Mean absolute change in glycosylated hemoglobin (HbA1c) levels (normal range 3.6% to 4.9%), mean percentage change in daily insulin requirements, mean change in the number of hypoglycemic episodes, and adverse effects.

Main results

Patients who received acarbose had a mean decrease in HbA1c levels of 0.3%, and patients who received placebo had a mean increase of 0.18% {95% CI for the -0.48 difference in mean change -0.70 to -0.26}*. No differences existed between groups for mean change in insulin dose or regimen, number of hypoglycemic episodes, or body weight. Acarbose was associated with more adverse events, particularly diarrhea, flatulence, and abdominal pain. 84% of patients who received acarbose reported ≥ 1 adverse event compared with 49% of patients who received placebo ({CI for the 35% absolute risk increase 24% to 45%}*, P = 0.01). 19% of patients who received acarbose stopped treatment compared with 5% of patients who received placebo (P < 0.001).


The addition of acarbose to diet and insulin in patients with insulin-dependent diabetes mellitus reduced gly-cosylated hemoglobin and plasma glucose levels.
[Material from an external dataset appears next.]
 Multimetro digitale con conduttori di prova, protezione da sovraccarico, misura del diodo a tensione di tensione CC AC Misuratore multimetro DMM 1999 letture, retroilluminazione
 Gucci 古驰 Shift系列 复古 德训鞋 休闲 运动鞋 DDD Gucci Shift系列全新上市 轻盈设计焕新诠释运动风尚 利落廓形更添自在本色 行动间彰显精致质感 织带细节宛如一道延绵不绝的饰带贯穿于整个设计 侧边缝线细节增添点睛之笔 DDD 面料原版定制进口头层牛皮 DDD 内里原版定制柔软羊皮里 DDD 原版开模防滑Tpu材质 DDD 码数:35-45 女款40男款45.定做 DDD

It did not result in increased hypoglycemic events but was associated with gastrointestinal events.

Source of funding: Bayer Pharmaceutical Company.

For article reprint: Dr. P. Hollander, Ruth Collins Diabetes Center, Baylor University Medical Center, 3500 Gaston Avenue, Dallas, TX 75246, USA. FAX 214-820-4840.
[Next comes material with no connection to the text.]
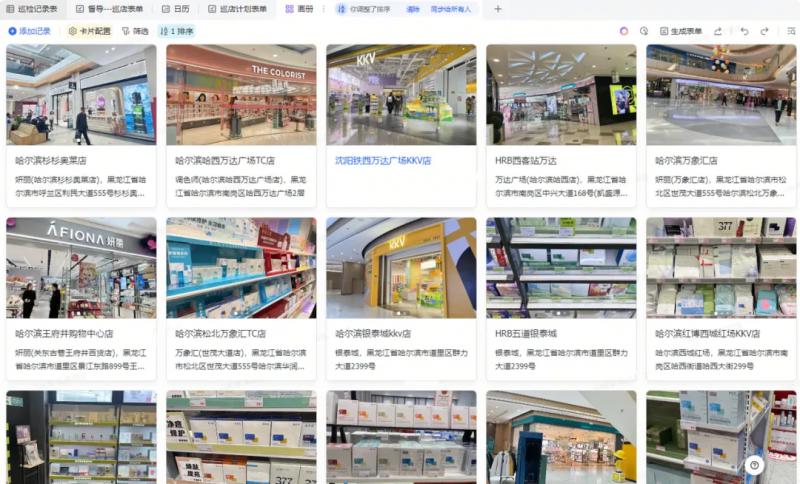 線下巡店工作能最大程度保障各終端貨品銷售質(zhì)量。過去,由于巡店工作涉及外出出差,巡店照片數(shù)據(jù)手機(jī)端無法操作整理匯總,影響問題處理時效且增加無用工作量?,F(xiàn)在敷爾佳運用飛書表單移動端操作,隨時上傳巡店結(jié)果及照片,表格儀表盤視角可以查看數(shù)據(jù)并進(jìn)行一段時間內(nèi)的環(huán)比、同比分析,基于數(shù)據(jù)分析做任務(wù)下達(dá),一次巡檢從發(fā)現(xiàn)問題到整改問題的全流程都能包攬,對于每位巡檢員來說,每天至少節(jié)省2.5小時數(shù)據(jù)統(tǒng)計時間,同時更清晰的了解每個督導(dǎo)的外出工作情況 。此外,查貨溯源沒有系統(tǒng)的數(shù)據(jù)存檔,多個渠道數(shù)據(jù)無法同步,無數(shù)個sheet篩選查詢數(shù)據(jù),容易出錯?,F(xiàn)在,運用多維表格協(xié)同操作,多個維度查看所需數(shù)據(jù),所有查貨情況能被沉淀和實時查看。

*Numbers calculated from data in article.


The Diabetes Control and Complications Trial has shown that more normal, long-term glycemic control reduces the risks for microvasculopathy and neuropathy in patients with IDDM (1). This causal relation does not require a glycemic threshold (1), meaning that treatments that lower elevated HbA1c levels in patients with IDDM by even modest amounts (e.g., 0.5%) are worth a look. Acarbose may be such a treatment.

The study by Hollander and colleagues is currently the largest and longest placebo-controlled trial of acarbose for IDDM. The patients had suboptimal glycemic control (mean HbA1c level approximately 6.6%) and appeared typical of the patients seen in daily practice. The increased GI adverse effects and mild increases in transaminase levels seen in patients who received acarbose was expected (2) and emphasizes the need to avoid the drug in patients with GI disease, including diabetic gastropathy. The predictable GI effects also raise the question of whether the lower HbA1c level ascribed to acarbose was in fact secondary to co-interventions, including diet, exercise, and insulin therapy. However, the comparable weights and similar insulin programs in the acarbose and placebo groups make this unlikely. Although no differences were seen in hypoglycemia rates between the 2 groups, this remains a concern that may demand lowering insulin doses in some patients receiving acarbose. Further data on risk for hypoglycemia, and whether acarbose maintains improved glycemic control in patients with IDDM beyond 24 weeks, will be important.

Acarbose is not approved for use in IDDM in North America. However, the result of this trial and the efficacy of acarbose shown for NIDDM with its apparent lack of major irreversible adverse effects (2) make a closely monitored trial of acarbose (including measurement of liver enzyme levels and frequent measurement of glucose levels at home) an option I would now carefully consider for selected patients with IDDM.

Jeffery Mahon, MD
University HospitalLondon, Ontario, Canada

Jeffery Mahon, MD
University Hospital
London, Ontario, Canada


1. The absence of a glycemic threshold for the development of long-term complications: the perspective of the Diabetes Control and Complications Trial. Diabetes. 1996;45: 1289-98.

2. Hollander P. Safety profile of acarbose, an alpha-glucosidase inhibitor. Drugs. 1992; 44 (Suppl 3):47-53.